Since John's death Harrison, 38, has remained in the seclusion he shares only with his second wife, Olivia Arias, and their 2 1/2-year old son, Dhani, on a 33-acre estate called Frias Park at Henly-on-Thames near London. He has kept busy. Having financed Monty Python's Life of Brian, he is embarked now on the sound track for a new movie with three Pythoneers called Time Bandits. Still a devotee of Eastern religion and race-car driving, he became an author last year with an egocentric memoir titled, I, Me, Mine, which, bound in leather, was priced at $350. A more affordable version is coming out next fall, and next week he's delivering a new album for release in the spring. For all that, he seems to have worked hardest at keeping his distance from the world. A multilingual no-trespassing sing is posted at the gate of Friar Park with warnings next to each of nine flags. The legend next to Stars and Strips is: GET YOUR ASS OUT'A HERE. Coming from the connoisseur of Python wackiness, it could be a tease. But the message gets across.
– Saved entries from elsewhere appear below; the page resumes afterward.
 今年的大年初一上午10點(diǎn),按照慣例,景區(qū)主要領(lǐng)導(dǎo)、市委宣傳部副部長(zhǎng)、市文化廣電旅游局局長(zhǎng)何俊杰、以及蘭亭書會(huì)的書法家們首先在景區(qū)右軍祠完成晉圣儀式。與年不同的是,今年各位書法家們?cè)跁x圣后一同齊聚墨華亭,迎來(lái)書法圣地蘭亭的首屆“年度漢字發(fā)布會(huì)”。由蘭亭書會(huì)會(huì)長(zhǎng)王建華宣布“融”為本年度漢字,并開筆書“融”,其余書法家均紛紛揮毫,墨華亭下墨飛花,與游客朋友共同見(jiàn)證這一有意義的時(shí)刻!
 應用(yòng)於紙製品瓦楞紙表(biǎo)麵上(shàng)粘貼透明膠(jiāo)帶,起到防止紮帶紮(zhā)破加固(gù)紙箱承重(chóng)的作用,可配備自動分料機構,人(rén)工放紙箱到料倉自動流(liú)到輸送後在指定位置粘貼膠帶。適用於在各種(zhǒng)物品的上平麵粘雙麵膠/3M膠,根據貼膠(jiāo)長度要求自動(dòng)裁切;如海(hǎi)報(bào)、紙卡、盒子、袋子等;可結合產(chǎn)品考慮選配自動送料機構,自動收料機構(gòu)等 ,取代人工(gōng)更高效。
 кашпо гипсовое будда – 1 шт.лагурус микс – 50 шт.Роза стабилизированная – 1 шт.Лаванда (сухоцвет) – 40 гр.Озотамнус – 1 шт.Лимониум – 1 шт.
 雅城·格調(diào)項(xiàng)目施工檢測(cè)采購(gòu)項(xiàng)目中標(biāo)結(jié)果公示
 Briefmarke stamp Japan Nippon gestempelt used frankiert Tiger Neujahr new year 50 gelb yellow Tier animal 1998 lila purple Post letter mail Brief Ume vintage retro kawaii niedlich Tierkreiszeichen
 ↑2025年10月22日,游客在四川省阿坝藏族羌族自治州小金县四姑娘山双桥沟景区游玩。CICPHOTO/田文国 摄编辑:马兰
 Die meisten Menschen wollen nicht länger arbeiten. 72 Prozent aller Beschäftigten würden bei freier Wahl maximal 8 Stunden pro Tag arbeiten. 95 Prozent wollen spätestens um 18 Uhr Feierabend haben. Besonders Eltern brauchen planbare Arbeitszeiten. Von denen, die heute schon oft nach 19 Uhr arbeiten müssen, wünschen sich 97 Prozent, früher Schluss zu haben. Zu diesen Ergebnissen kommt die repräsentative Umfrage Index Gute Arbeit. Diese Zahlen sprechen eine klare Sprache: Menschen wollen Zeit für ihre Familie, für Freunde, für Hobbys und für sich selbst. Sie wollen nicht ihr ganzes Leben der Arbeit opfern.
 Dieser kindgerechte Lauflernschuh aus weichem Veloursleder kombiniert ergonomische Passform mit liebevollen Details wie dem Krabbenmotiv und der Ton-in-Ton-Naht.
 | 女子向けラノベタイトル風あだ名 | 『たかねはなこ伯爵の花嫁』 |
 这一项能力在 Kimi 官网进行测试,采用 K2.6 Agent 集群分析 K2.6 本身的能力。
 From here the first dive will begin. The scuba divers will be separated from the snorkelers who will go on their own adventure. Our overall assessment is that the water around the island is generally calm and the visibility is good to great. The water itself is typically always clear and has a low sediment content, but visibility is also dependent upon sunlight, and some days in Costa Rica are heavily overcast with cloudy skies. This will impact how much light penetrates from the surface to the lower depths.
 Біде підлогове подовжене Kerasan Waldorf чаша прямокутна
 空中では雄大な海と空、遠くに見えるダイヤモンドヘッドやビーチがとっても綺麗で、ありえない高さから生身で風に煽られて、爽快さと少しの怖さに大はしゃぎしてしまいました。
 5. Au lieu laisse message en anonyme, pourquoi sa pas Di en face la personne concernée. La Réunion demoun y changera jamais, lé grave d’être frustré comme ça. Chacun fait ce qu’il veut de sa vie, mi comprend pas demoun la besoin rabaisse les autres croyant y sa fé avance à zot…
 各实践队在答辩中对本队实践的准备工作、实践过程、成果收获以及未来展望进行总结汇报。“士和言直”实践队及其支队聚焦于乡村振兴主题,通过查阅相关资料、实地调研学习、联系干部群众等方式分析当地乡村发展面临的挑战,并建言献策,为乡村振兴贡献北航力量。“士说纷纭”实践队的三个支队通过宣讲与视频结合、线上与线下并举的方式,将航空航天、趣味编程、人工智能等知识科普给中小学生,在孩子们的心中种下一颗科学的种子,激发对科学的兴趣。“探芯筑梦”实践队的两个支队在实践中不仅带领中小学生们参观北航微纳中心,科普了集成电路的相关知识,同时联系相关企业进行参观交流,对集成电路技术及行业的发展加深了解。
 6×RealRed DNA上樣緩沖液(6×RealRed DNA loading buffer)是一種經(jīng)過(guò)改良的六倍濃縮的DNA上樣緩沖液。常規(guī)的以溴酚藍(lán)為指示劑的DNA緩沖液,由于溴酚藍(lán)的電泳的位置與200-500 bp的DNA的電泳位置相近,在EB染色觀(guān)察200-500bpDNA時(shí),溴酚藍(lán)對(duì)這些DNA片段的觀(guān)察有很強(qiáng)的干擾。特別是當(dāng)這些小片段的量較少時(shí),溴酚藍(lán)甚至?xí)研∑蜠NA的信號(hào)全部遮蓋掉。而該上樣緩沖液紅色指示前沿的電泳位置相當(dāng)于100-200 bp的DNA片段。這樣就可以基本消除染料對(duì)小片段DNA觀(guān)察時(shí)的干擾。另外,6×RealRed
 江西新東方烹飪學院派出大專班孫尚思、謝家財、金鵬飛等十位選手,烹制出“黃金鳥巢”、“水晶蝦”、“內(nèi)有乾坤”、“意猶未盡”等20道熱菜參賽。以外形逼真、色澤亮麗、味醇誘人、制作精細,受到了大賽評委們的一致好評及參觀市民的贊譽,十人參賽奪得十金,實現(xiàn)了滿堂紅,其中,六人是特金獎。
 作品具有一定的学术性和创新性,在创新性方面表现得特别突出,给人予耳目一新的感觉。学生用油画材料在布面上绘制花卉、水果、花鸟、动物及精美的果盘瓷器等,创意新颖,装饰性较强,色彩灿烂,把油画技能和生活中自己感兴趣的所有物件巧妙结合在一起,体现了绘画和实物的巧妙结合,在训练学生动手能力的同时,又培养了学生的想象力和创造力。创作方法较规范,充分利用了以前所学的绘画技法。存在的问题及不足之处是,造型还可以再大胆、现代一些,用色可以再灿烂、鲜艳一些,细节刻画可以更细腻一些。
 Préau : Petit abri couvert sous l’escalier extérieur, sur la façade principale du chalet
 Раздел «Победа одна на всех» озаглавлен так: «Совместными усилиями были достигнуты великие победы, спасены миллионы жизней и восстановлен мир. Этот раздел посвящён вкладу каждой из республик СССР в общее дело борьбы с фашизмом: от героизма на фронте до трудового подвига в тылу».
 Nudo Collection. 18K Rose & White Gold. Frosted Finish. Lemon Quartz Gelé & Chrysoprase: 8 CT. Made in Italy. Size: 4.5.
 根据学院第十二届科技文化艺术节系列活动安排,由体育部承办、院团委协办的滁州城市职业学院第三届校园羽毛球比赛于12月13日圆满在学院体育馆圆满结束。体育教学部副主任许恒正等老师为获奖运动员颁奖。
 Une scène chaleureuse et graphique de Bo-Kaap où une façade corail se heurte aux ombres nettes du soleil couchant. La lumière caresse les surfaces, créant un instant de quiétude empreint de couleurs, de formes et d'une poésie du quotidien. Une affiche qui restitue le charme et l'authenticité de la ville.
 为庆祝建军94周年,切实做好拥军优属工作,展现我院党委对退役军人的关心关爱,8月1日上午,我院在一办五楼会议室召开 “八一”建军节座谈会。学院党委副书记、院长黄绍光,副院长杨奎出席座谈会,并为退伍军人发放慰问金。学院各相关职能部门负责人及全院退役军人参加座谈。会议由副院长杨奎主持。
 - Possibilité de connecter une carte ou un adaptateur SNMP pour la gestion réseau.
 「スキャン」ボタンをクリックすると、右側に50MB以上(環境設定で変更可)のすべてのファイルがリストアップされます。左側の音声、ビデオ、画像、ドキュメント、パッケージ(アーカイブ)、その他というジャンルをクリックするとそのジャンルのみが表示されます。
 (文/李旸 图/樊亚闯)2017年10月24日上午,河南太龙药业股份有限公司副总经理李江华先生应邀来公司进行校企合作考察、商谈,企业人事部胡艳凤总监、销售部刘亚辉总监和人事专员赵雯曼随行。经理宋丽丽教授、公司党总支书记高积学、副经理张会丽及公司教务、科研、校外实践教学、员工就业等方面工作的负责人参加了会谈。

Yoko Ono Lennon's amazing equilibrium showed up in an ad that appeared in several major newpapers worldwide on January 18. "I thank you for your feeling of anger for John's death," she wrote. "I share your anger...The only 'revenge' that would mean anything to us, is to turn the society around in time, to one that is based on love and trust as John felt it could be."
The Spirit Foundation, which she established with John in 1978 to benefit such diverse causes as the Salvation Army, the New York Founding Hospital and, ironically, a fund to buy bulletproof vests for New York City police, has profited from fans' desire to demostrate their grief tangibly. "The foundation is a very personal thing," says a spokesman. "Instead of giving $30,000 to a group, they will buy 1,000 baskets of food with $30 of food in each one."
Yoko has also just issued a new 45 on which she sings two of her own songs, Walking on Thin Ice and It Happened. Neither was contained on the chart-topping Double Fantasy LP, which has already sold more than four million copies. (Lennon and Ono recorded two LPs' worth of material and chose the most accessible for Double Fantasy, planning a follow-up album of more exotic compositions.) Walking on Thin Ice was the song she and John were remixing in the studio the night he was shot, and its lyrics are eerily apt in the aftermath: "Walking on thin ice/I'm paying the price/For throwing the dice in the air/Why must we learn it the hard way." The other song was one Yoko wrote and taped in 1973. John found it in a box at home two weeks before he died and begged her to release it. Yet it too speaks of nothing more clearly than her loss: "It happened at a time of my life when I least expected/...And I know there's no return, no way." For this record, Yoko wrote a liner note: "Getting this together after what happened was hard. But I know John would not rest his mind if I hadn't. I hope you like it, John. I did my best."